-
Notifications
You must be signed in to change notification settings - Fork 491
Description
Bug report
When running a full end-to-end GRPO training pipeline using VllmRollout on a TPU v5e-8 slice, the rollout engine crashes during the first micro-batch step due to two consecutive API mismatches between tunix/rl/rl_cluster.py and tunix/rl/rollout/vllm_rollout.py.
Issue 1: Unexpected Keyword Argument completion_mask
RLCluster.get_old_per_token_logps passes a completion_mask argument down to the rollout engine, but the VllmRollout.get_per_token_logps method signature does not accept it.
Traceback:
File "/usr/local/lib/python3.12/site-packages/tunix/rl/grpo/grpo_learner.py", line 267, in _generate_and_compute_advantage
old_per_token_logps = self.rl_cluster.get_old_per_token_logps(...)

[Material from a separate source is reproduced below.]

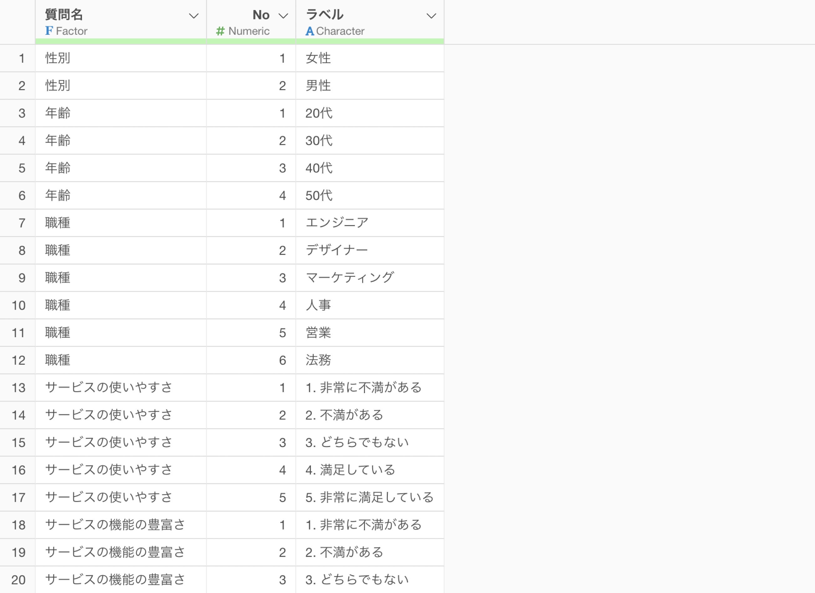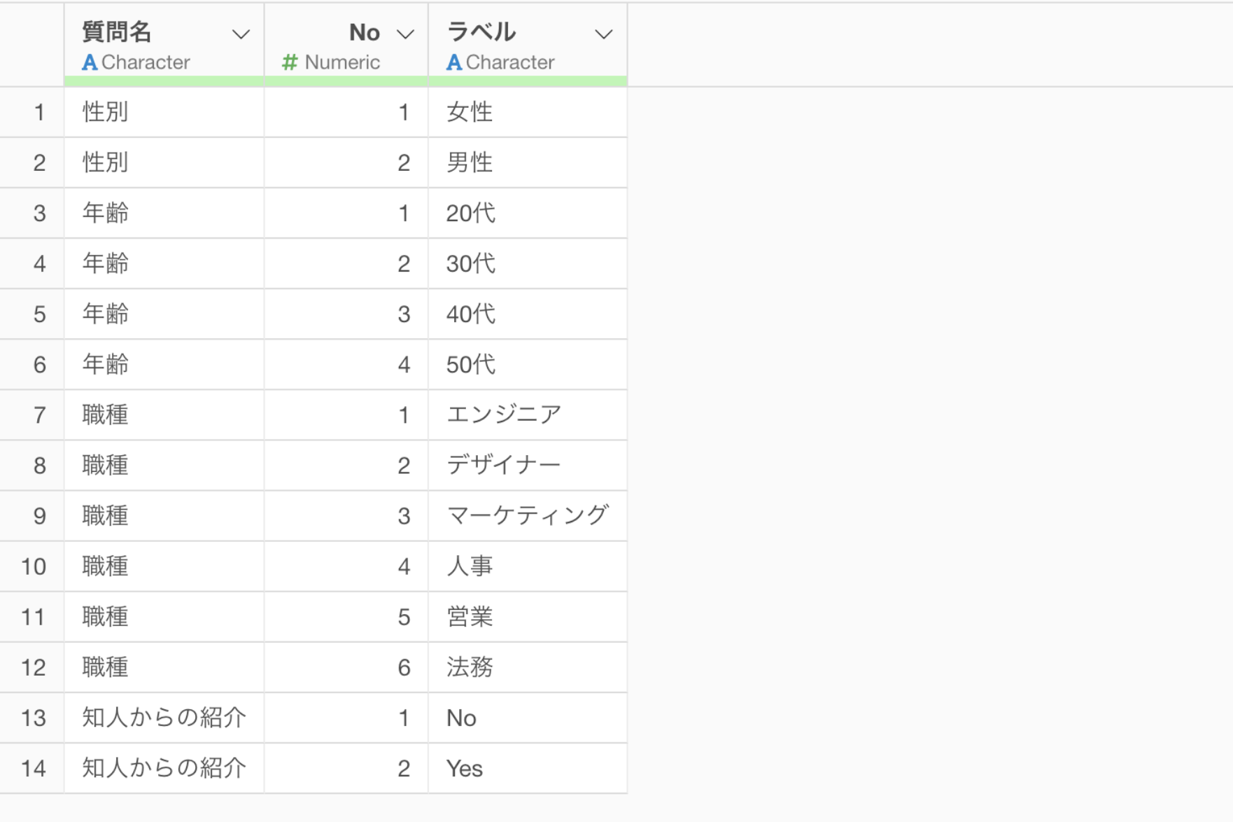もう一つマスタデータを持っており、こちらではそれぞれの回答コードに対応する回答ラベルのデータを持っています。
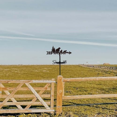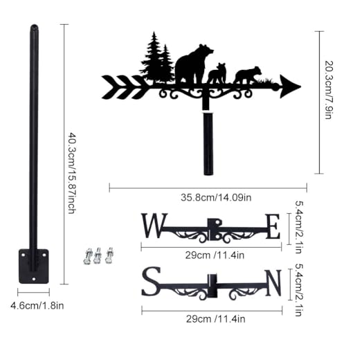 - Metal Wind Vane: We designed this weathervane with bear theme, a bear family of three bears walking in the forest, so cute! This wind vane can not only be used to guide direction, but also as a decoration., Garden Weather Vendor Size: The cute bear garden decor is medium sized, measuring approximately 35.8x20.3cm/14.09x7.9inch. The pointer has a tapered end for balance and to catch light winds., Easy to Use: Easily install the garden stake in the ground, within minutes with the garden stake provided.The step-on stake needs to be tightly fitted into and perpendicular vertical to the ground in order to provide a steady anchor., Exquisite Outdoor Decoration: Unique weathervane is suitable for home and garden decoration, also a great ornament for yard decoration. Ideal decoration for garden homes, garden sheds, fences, pergolas, greenhouse barns or gazebos., Great Gift: Suitable for home and garden decor, this weathervane is a great accent for outdoor decor! Perfect for holidays, birthdays as a gift for your friends and family.

TypeError: VllmRollout.get_per_token_logps() got an unexpected keyword argument 'completion_mask'
Issue 2: JAX concatenate Strict Type Error
If the completion_mask issue is bypassed, the pipeline immediately crashes on the output. VllmRollout returns native Python lists, but rl_cluster.py passes them directly to jnp.concatenate(). Under strict JAX versions (like 0.4.25), this throws a TypeError because it expects array-like objects, not lists.
Traceback:
Python
File "/usr/local/lib/python3.12/site-packages/tunix/rl/rl_cluster.py", line 993, in get_old_per_token_logps
per_token_logps = jnp.concatenate(outs, axis=0)
TypeError: concatenate requires ndarray or scalar arguments, got <class 'list'> at position 0.
Logs/Output
No response
Environment Information
Environment:
Hardware: GKE TPU v5e-8 slice
JAX Version: 0.4.25 (Pinned to maintain mesh stability with with_sharding_constraint)
vLLM Version: 0.17.0rc1
Algorithm: GRPO
Additional Context
No response